Caryl’s at home looking after both Benson, the new Springer Spaniel puppy receptionist at Rives-Blanques, and  a virus that hit her somewhere between Millesime Bio and Vinisud.  Jan père is having a field-day at a portfolio tasting organised by Tanners in Shropshire, UK, our most beautiful importer.   (Caryl feeling very sorry for herself, this is the favourite medieval spot for plying our wares).  Jan fils is in Montpellier, tasting through a barrage of IGP Pays d’Ocs with a panel of people who will decide if the wines are worthy to be classified under that label.

 

This is interesting.  IGP Pays d’Oc is one of the  generic brand names for wines that cannot or do not want to be part of the AOP system.  The rules are more liberal and tolerant.  Theoretically the divisions and sub-divisions of the French system are meant to be a quality thing, constructed like a pyramid: the AOPs at the top, the IGPs in the middle and the Vins de France – basically, a potential free-for-all –  at the bottom.   But it doesn’t always work that way.  Sometimes a winegrower will want to do something really special that his appellation rules don’t allow.  As we did with our Facsimile, and our late harvest Lagremas d’Aur, actually the only IGP Pays d’Oc to win three stars in the authoritative Guide Hachette 2018.  The trouble is, you have to know your grower.

 

Jan-Ailbe’s group finds fault with 10% of the wines they taste today, and they are sent back either to be rectified, or to be declassified.  Pretty impressive, actually.  Do other wine-producing countries have such strict quality controls?

 

Thursday March 8

Scan 9It’s International Women’s Day today, so let’s hear it for the Vinifilles!  The Vinifilles is the Association of female winegrowers of Languedoc-Roussillon, of which there are 18 members.  The Vinifilles is a book waiting to be written.  Some of the members have big, impressive chateaux, some are tiny biodynamic plots of not much more than 5-ha, some are in big business and have swish offices with proper secretaries and sales managers, others are family holdings,  over-worked, under-paid, understaffed, and stressed out.   All are absolutely committed to what they’re doing and how they do it.  Together, these 18 women have weathered all the storms of life: divorce,, total annihilation by hail or frost, misogyny, problems in the vineyard, problems in the cellars – and always with optimism and courage.  The Vinfilles are amazing.  And full, just boundlessly brimful of energy and enthusiasm.

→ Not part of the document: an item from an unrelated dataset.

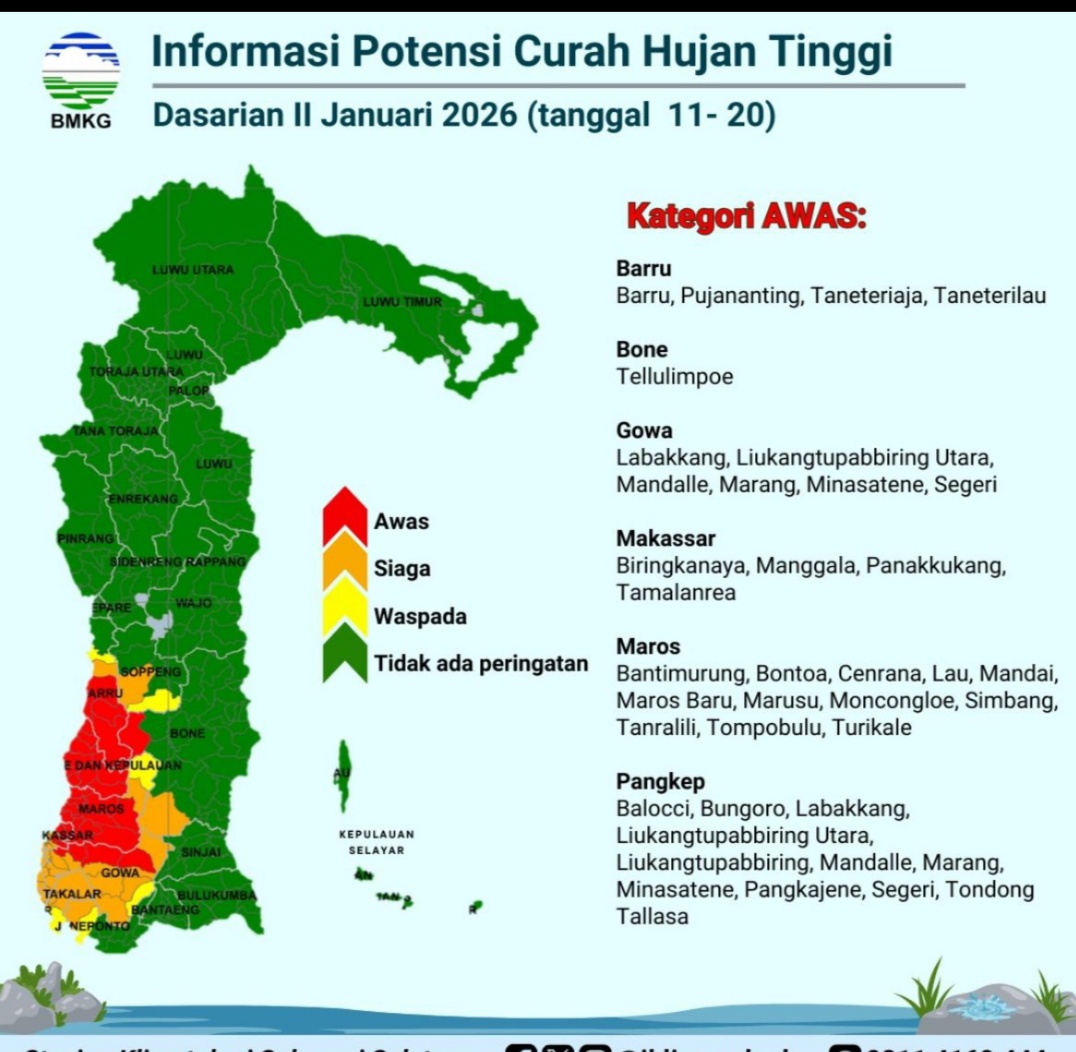 “Berdasarkan informasi BMKG, wilayah Kabupaten Maros berpotensi mengalami curah hujan dengan intensitas sedang hingga tinggi mulai tanggal 11 sampai 20 Januari. Untuk itu, kami mengimbau masyarakat agar tetap waspada dan berhati-hati dalam beraktivitas, terutama di daerah yang rawan banjir dan longsor,” ujar AKP Ahmad, Sabtu (10/1/2025).

One of their aims is to show that wine is not a men-only province: not the making of it, the growing of it, the selling of it, the ordering of it, the culture of it,  or the enjoyment of it.  Wine belongs to women too.

Never been a great fan of gender-selective (or gender-exclusive)  groups myself, but I cannot believe an all-male or even a mixed group could achieve what the Vinifilles achieve.  They organise  training sessions, master classes on new viticulture and viniculture methods,  wine tastings for professionals, training sessions for sommeliers … the list goes on and on, and all thrown together and executed  with such effortless grace and good humour.

 

Friday March 9

chateau_des_ravatys_orangerieJan père comes home, Jan fils arrives in Brouilly, Beaujolais, to be a jurist of the Chardonnay du Monde Competition, Caryl still feeling sorry for herself, and Benson still doggedly refusing to be house-trained.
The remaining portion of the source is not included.